The use of parallel integrators for different neurons naturally raises the issue of porting this simulation method to a parallel computer. The NEOSIM project (NEOSIM web site) has developed a “Parallel Discrete Event” sample implementation for the delayed delivery of spike events from a source cell on one cpu to a target cell on another. This implementation coexists with Neuron’s lvardt method. High performance requires that there be a significant minimum spike delay time $t_d^{ij}$, between source cell i and target cell j. In this case, our strict integration assertion property $t_a^i\le t_b^j\forall i,j$ is relaxed to $t_a^i\le t_b^j+t_d^{\mathit{\text{ij}}}$. The Neuron portion of the NEOSIM + Neuron implementation merely accepts a request from NEOSIM to integrate a specific cell or group of cells to a specified stop time consistent with the relaxed assertion. When a Neuron cell fires at time t it notifies NEOSIM. At this time, no cell has a $t_a>t+t_d^{\mathit{\text{ij}}}$. Note that in our zero-delay mutual-inhibition model model, this parallel method would be useless. However, most network models have a significant minimum delay between different cells and can realize significant performance gains with the NEOSIM Parallel Discrete Event delivery technique.

Summary

In summary, lvardt offers substantial speed ups for simulations of networks of realistic ion-channel-based neurons. The advantages will be greatest in situations where some neurons are quiescent during periods when other portions of the network are active. This would be the case for simulations involving serial activation of areas, as for example in hippocampus, or involving cell types with very different firing properties, as for example in a thalamocortical or basal ganglia simulation. lvardt’s mixture of event-driven and differential equation simulation also make it ideal for implementation of hybrid networks where artificial cells with analytically-soluble states are combined with realistic neurons requiring full ODE integration.

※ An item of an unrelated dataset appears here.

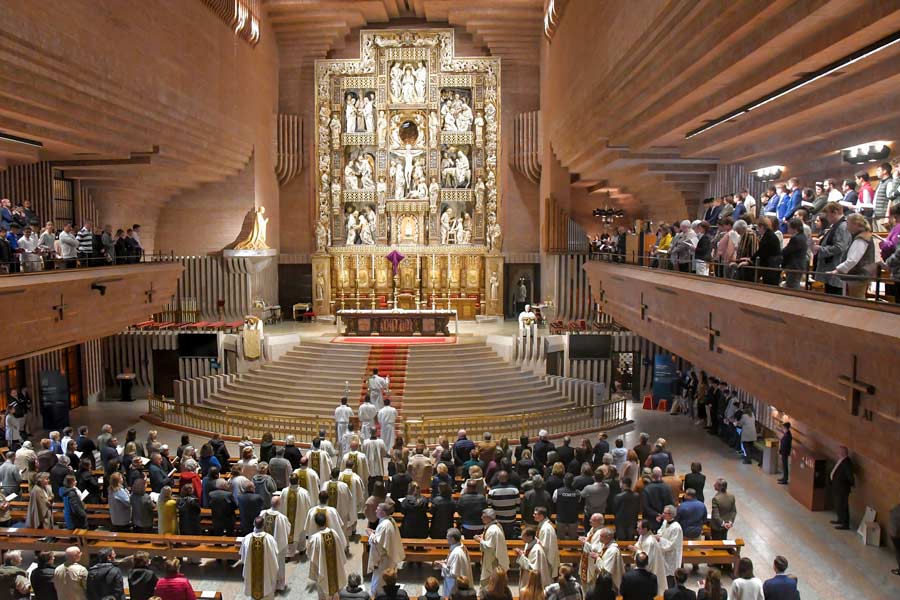 La celebración del Triduo Pascual ha comenzado hoy en Torreciudad con los oficios de Jueves Santo y la procesión con el Santísimo Sacramento hasta el

As with any computational method, the suitability of lvardt is dependent on the exact problem to be solved. The individual user will want to benchmark a particular simulation across methods before deciding on which one to use. A general assessment of suitability can be performed by considering the factors laid out in equation 3. Our heuristic conclusion is that for medium size networks in which average synaptic input intervals to a single cell are much greater than a fixed step dt, the lvardt method will have better performance than the fixed step method.